HIV stands for human immunodeficiency virus. It’s a virus that damages your immune system and makes it harder for you to fight off infection and disease. AIDS stands for acquired immune deficiency syndrome. This term is used to describe a variety of dangerous (and potentially life threatening) illnesses that happen when your immune system has been weakened by HIV.
Currently there is no cure for HIV, however drug treatments now mean most people with the virus are able to live long, healthy lives. An early diagnosis and effective treatment allows most people with HIV to avoid any AIDS-related illnesses.
On this page we’ll gain a clearer understanding of HIV and AIDS and especially the psychological impact it can have. We’ll debunk some common myths and look at what support is available.
Understanding HIV and AIDS
HIV has been around for many decades, however it was only discovered in the 80s. Back then the disease wasn’t fully understood and the diagnosis came with a great deal of stigma. Today, we know much more.
Then, AIDS was a common outcome of a HIV positive diagnosis - today, thanks to advances in our understanding and drug treatments, it is less common.
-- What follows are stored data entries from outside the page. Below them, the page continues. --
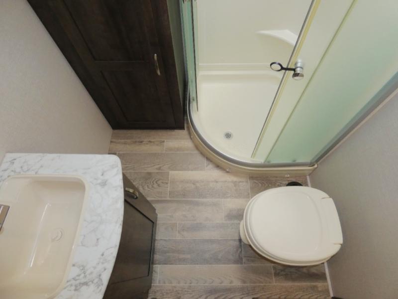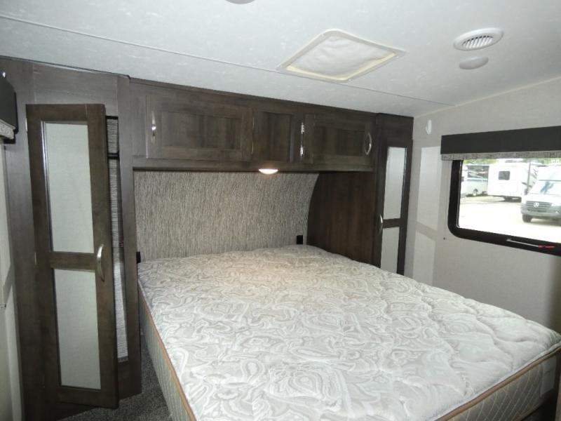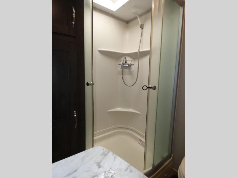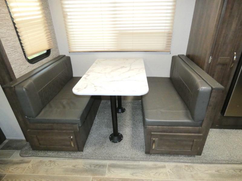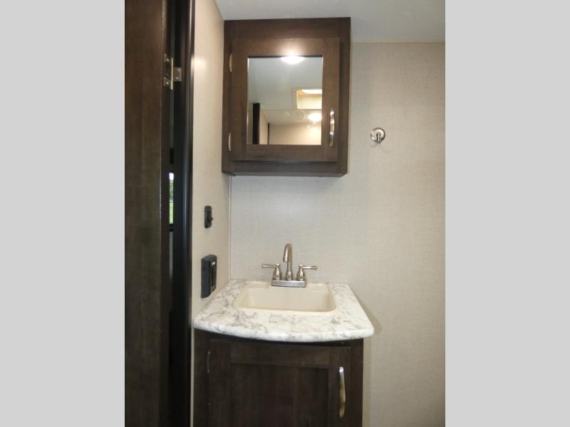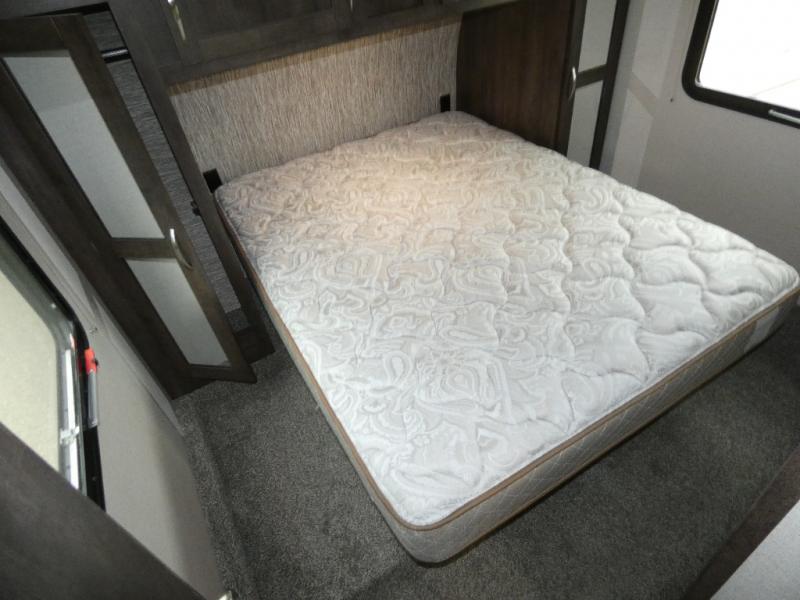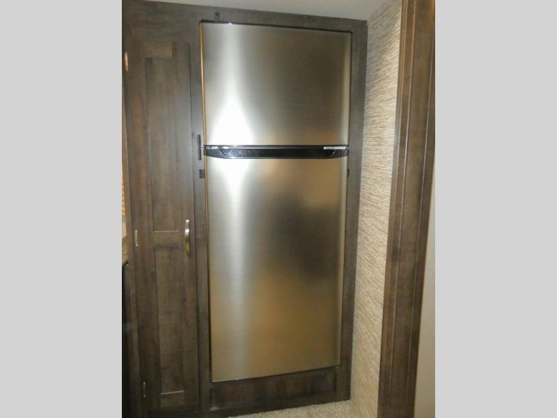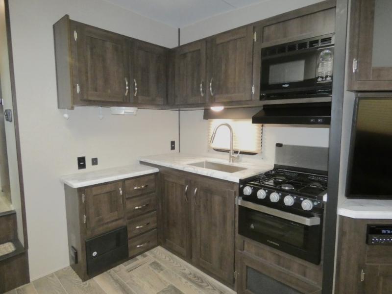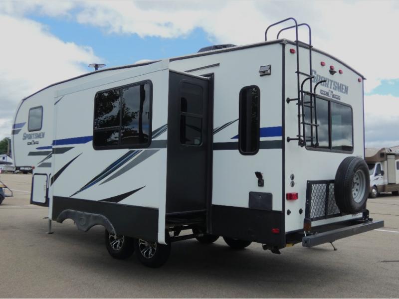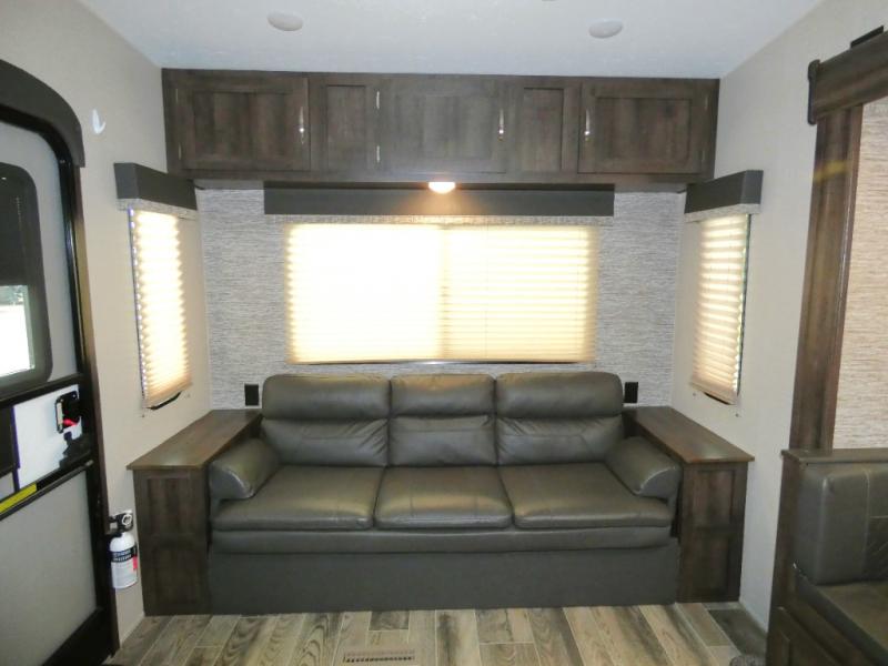 Take your family away in a reliable unit like this Sportsmen fifth wheel! As you spend the night sleeping on the queen-size bed in the front master suite, you'll look forward to waking up in the morning and having a delicious breakfast that has been easily prepared on the three-burner cooktop and in the oven or stainless steel microwave. And if you would rather spend your time adventuring instead of making meals, you can simply grab some cereal from the pantry and then grab some milk from the 8 cubic foot refrigerator.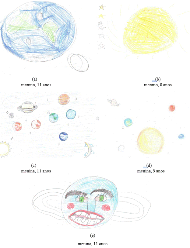 Além das entrevistas, os desenhos elaborados pelas crianças ofereceram indícios adicionais sobre a aprendizagem. A Figura 2 apresenta alguns exemplos. No desenho (a), observa-se a representação da Terra com predominância de azul e detalhes como calotas polares, indicando que o menino de 11 anos se impressionou com a visualização do planeta do espaço. O desenho (b), feito por um menino de oito anos, mostra o Sol e algumas estrelas; duas delas foram coloridas de amarelo, sugerindo que ele compreendeu o Sol como uma estrela.
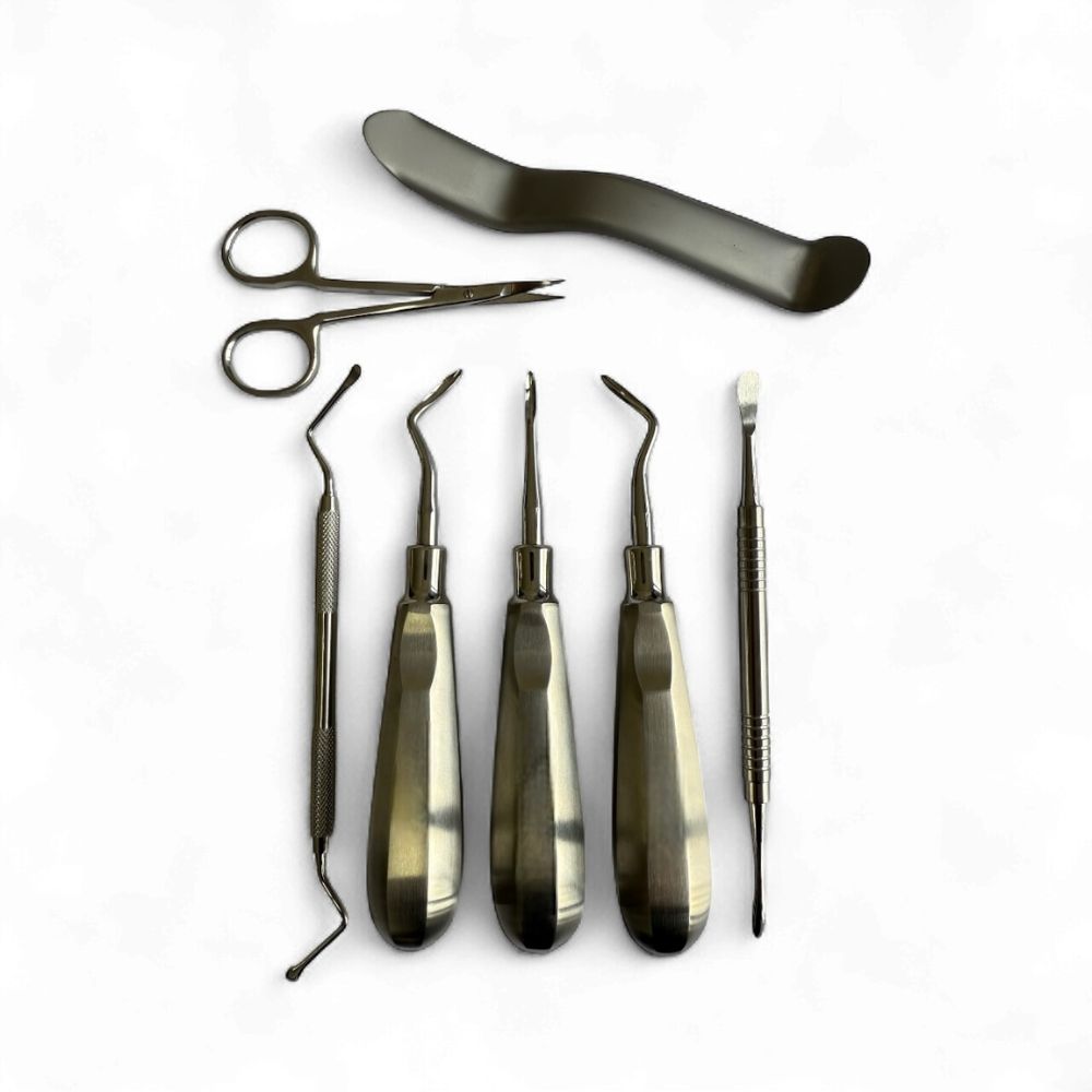 🔹 Os instrumentos possuem pontas projetadas para atuação em diferentes regiões da arcada dentária, proporcionando precisão, controle e segurança durante a extração.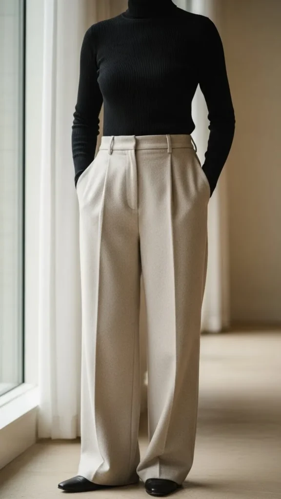 Wide-leg wool trousers are comfy and roomy, perfect for layering. Pair with a fitted black turtleneck tucked in for clean lines. This pairing balances structure and softness. Look for wool pants on clearance or secondhand to keep costs down. Minimal jewelry completes the look elegantly.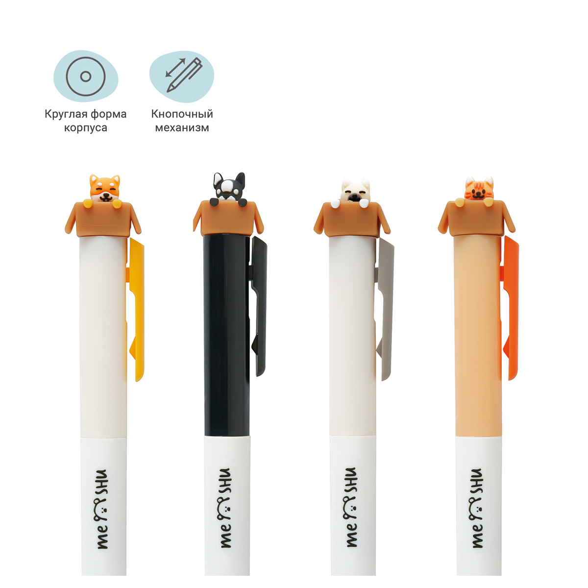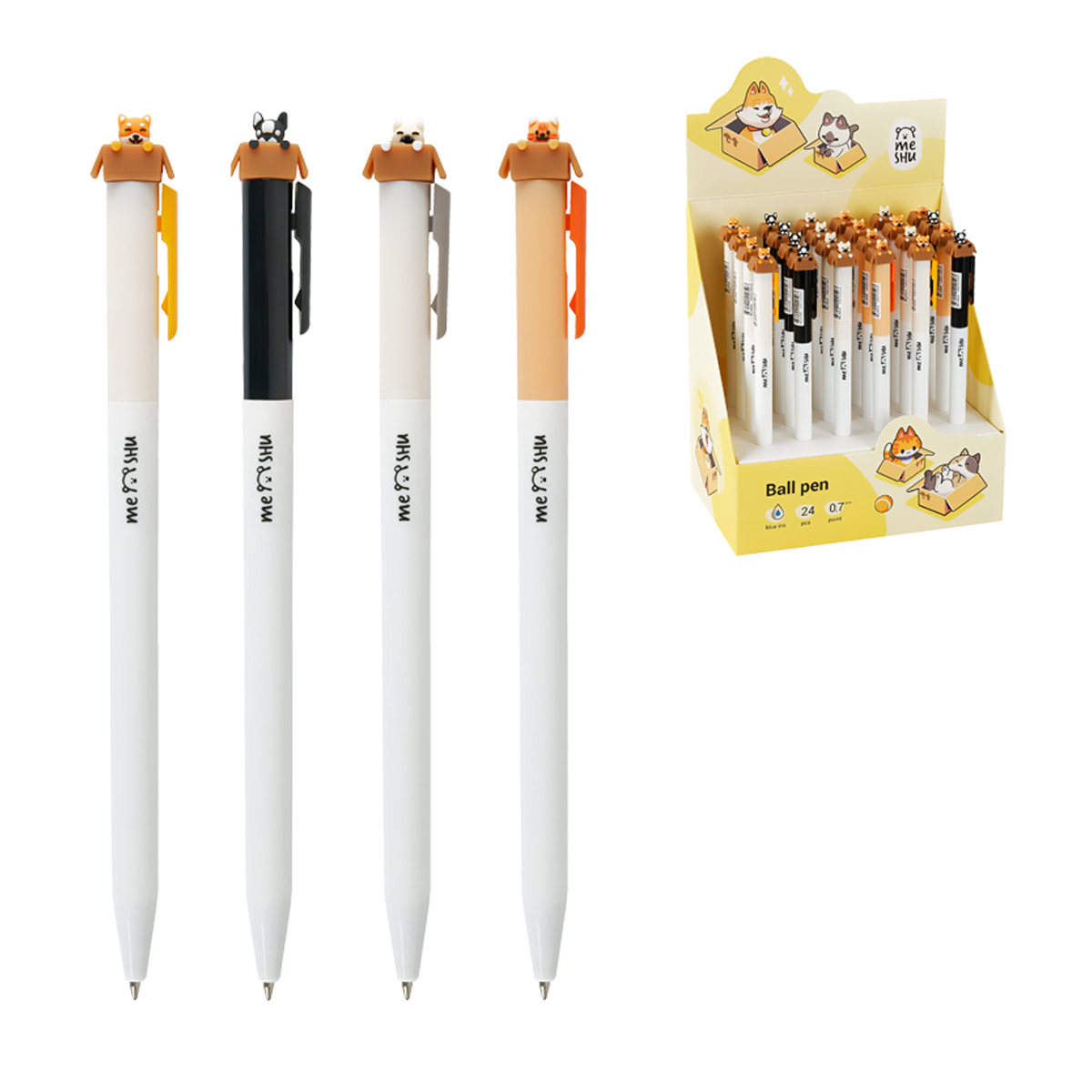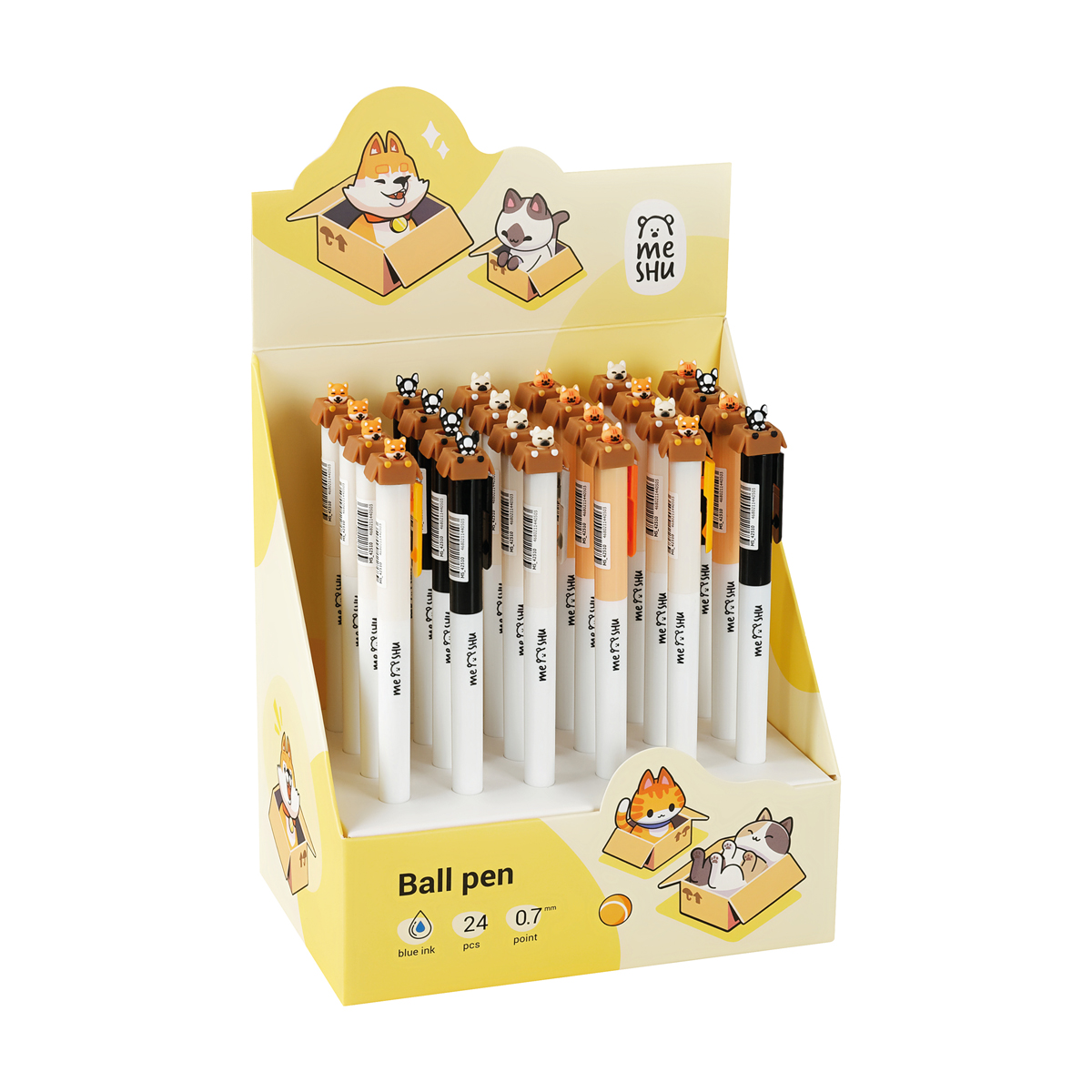 Ручка шариковая автоматическая MESHU "Meow&Woof", синяя, 0,7мм, корпус ассорти MS_42510
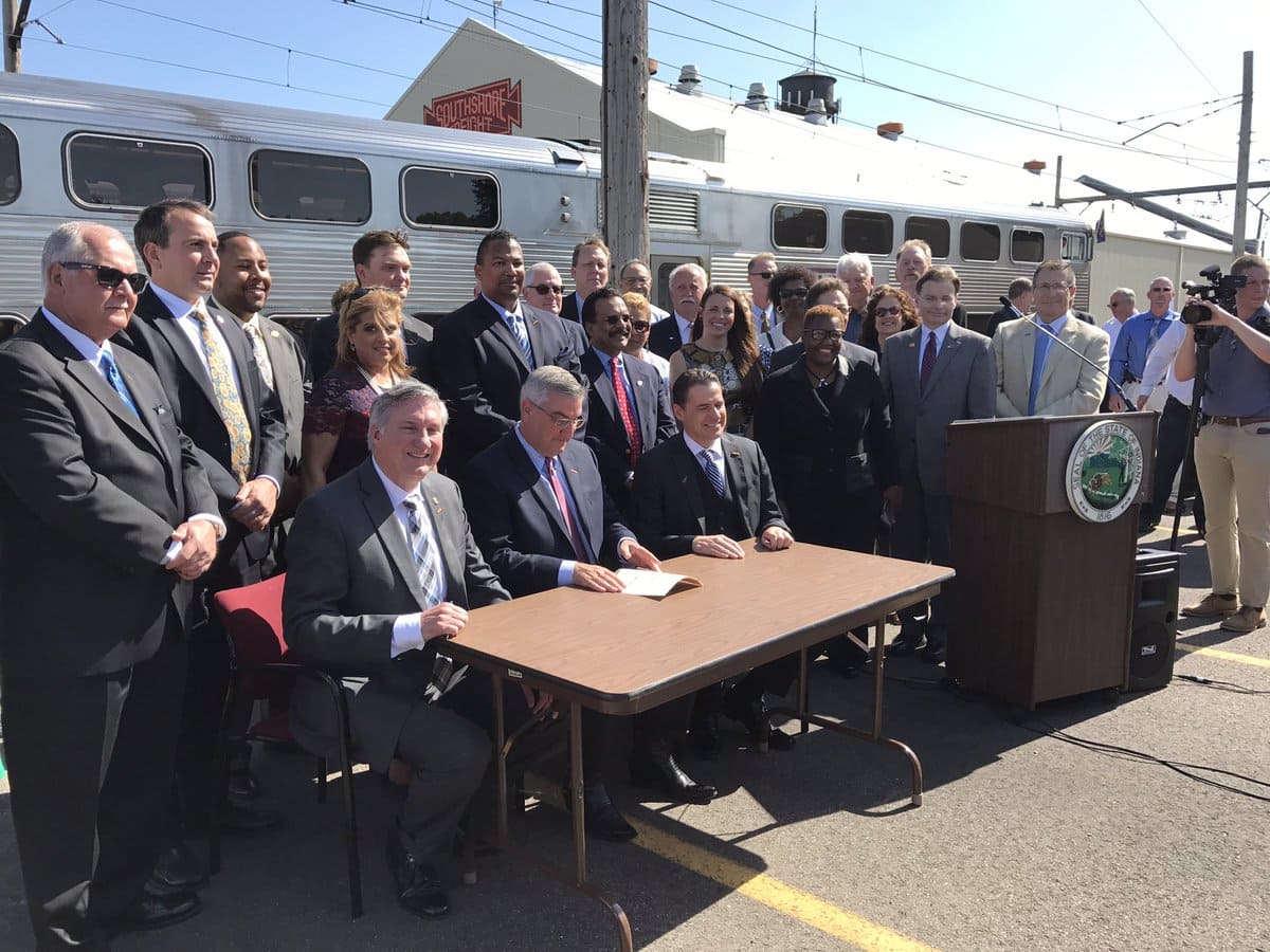 Governor Eric Holcomb took a ride on the South Shore Line Thursday morning, on his way to officially sign legislation that will double track the line.

The difference between HIV and AIDS
Some people use both terms to describe the same thing, but they are different.
- HIV is a life-long virus. Most people who receive a positive diagnosis for HIV do not have AIDS.
- AIDS is a set of serious illnesses people with the HIV virus eventually get if they don’t receive treatment. The HIV virus can be transmitted to other people, AIDS cannot.
Diagnosis and treatment these days is so effective that most people with HIV will not develop AIDS. The key to this is early diagnosis and receiving treatment.
For most people (around 80%), after two to six weeks of contracting the HIV virus they’ll experience a short flu-like illness. Once this illness has passed, HIV may not cause any further symptoms for several years.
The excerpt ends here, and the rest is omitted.